◆ WORK TASK:
Omit the images and reproduce the rest of the entries exactly.
*** Begin section ***
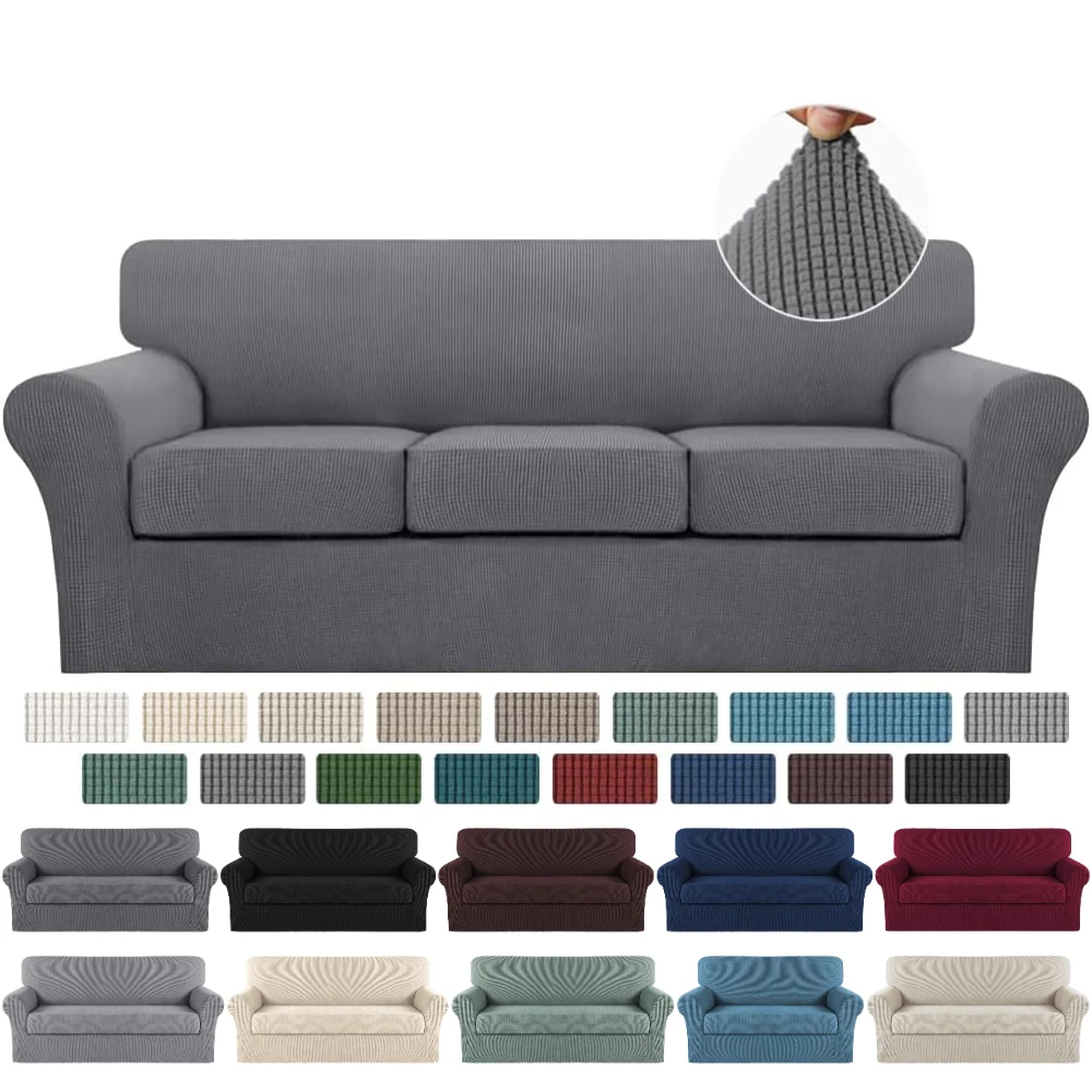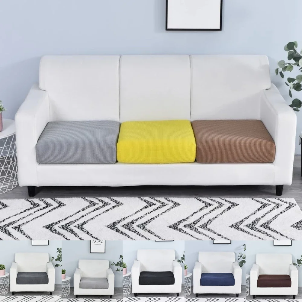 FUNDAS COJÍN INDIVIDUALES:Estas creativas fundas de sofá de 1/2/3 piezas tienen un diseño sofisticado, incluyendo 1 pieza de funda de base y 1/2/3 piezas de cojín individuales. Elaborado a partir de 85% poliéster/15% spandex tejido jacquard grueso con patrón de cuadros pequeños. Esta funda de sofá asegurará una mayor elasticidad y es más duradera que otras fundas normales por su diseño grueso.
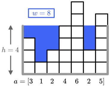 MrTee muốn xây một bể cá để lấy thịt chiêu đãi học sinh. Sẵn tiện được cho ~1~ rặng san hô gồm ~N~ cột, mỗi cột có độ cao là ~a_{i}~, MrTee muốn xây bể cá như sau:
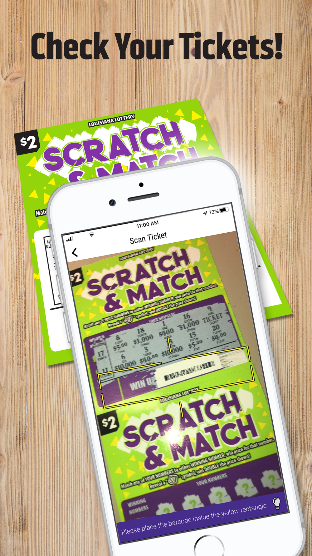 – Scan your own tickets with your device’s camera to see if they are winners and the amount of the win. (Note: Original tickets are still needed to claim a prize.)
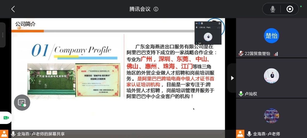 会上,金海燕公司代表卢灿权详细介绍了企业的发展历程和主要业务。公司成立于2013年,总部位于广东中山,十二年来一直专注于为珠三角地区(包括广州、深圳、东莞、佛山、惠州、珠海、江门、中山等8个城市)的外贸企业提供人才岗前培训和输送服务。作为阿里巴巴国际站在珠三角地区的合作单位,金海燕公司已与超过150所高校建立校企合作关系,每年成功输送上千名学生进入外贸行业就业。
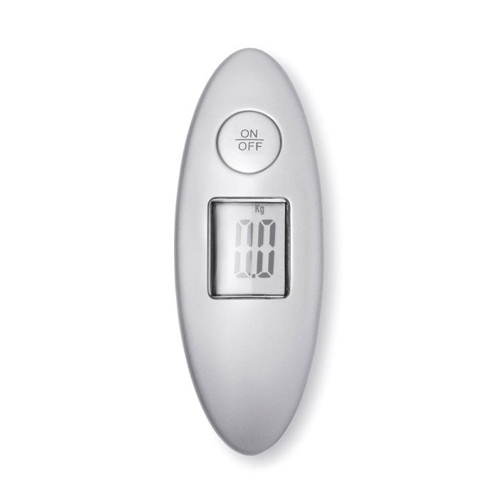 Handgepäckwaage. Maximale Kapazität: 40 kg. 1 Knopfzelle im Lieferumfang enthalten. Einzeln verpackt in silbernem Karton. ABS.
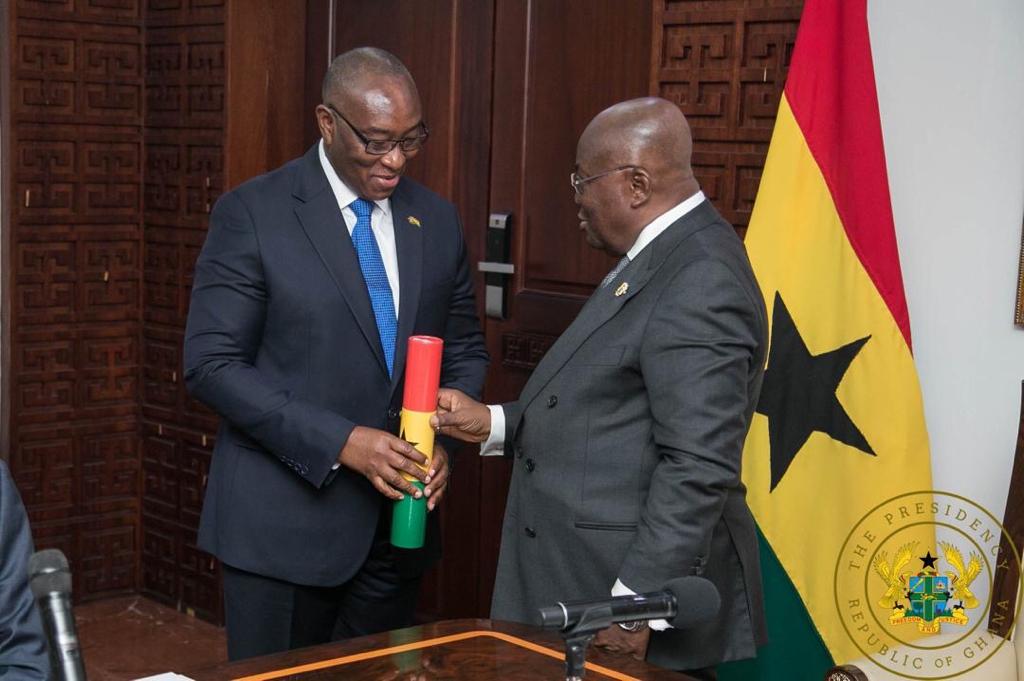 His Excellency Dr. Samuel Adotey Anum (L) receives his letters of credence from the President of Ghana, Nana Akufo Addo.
*** End section ***
◆ RESPONSE BOX:
 FUNDAS COJÍN INDIVIDUALES:Estas creativas fundas de sofá de 1/2/3 piezas tienen un diseño sofisticado, incluyendo 1 pieza de funda de base y 1/2/3 piezas de cojín individuales. Elaborado a partir de 85% poliéster/15% spandex tejido jacquard grueso con patrón de cuadros pequeños. Esta funda de sofá asegurará una mayor elasticidad y es más duradera que otras fundas normales por su diseño grueso.
 MrTee muốn xây một bể cá để lấy thịt chiêu đãi học sinh. Sẵn tiện được cho ~1~ rặng san hô gồm ~N~ cột, mỗi cột có độ cao là ~a_{i}~, MrTee muốn xây bể cá như sau:
 – Scan your own tickets with your device’s camera to see if they are winners and the amount of the win. (Note: Original tickets are still needed to claim a prize.)
 会上,金海燕公司代表卢灿权详细介绍了企业的发展历程和主要业务。公司成立于2013年,总部位于广东中山,十二年来一直专注于为珠三角地区(包括广州、深圳、东莞、佛山、惠州、珠海、江门、中山等8个城市)的外贸企业提供人才岗前培训和输送服务。作为阿里巴巴国际站在珠三角地区的合作单位,金海燕公司已与超过150所高校建立校企合作关系,每年成功输送上千名学生进入外贸行业就业。
 Handgepäckwaage. Maximale Kapazität: 40 kg. 1 Knopfzelle im Lieferumfang enthalten. Einzeln verpackt in silbernem Karton. ABS.
 His Excellency Dr. Samuel Adotey Anum (L) receives his letters of credence from the President of Ghana, Nana Akufo Addo.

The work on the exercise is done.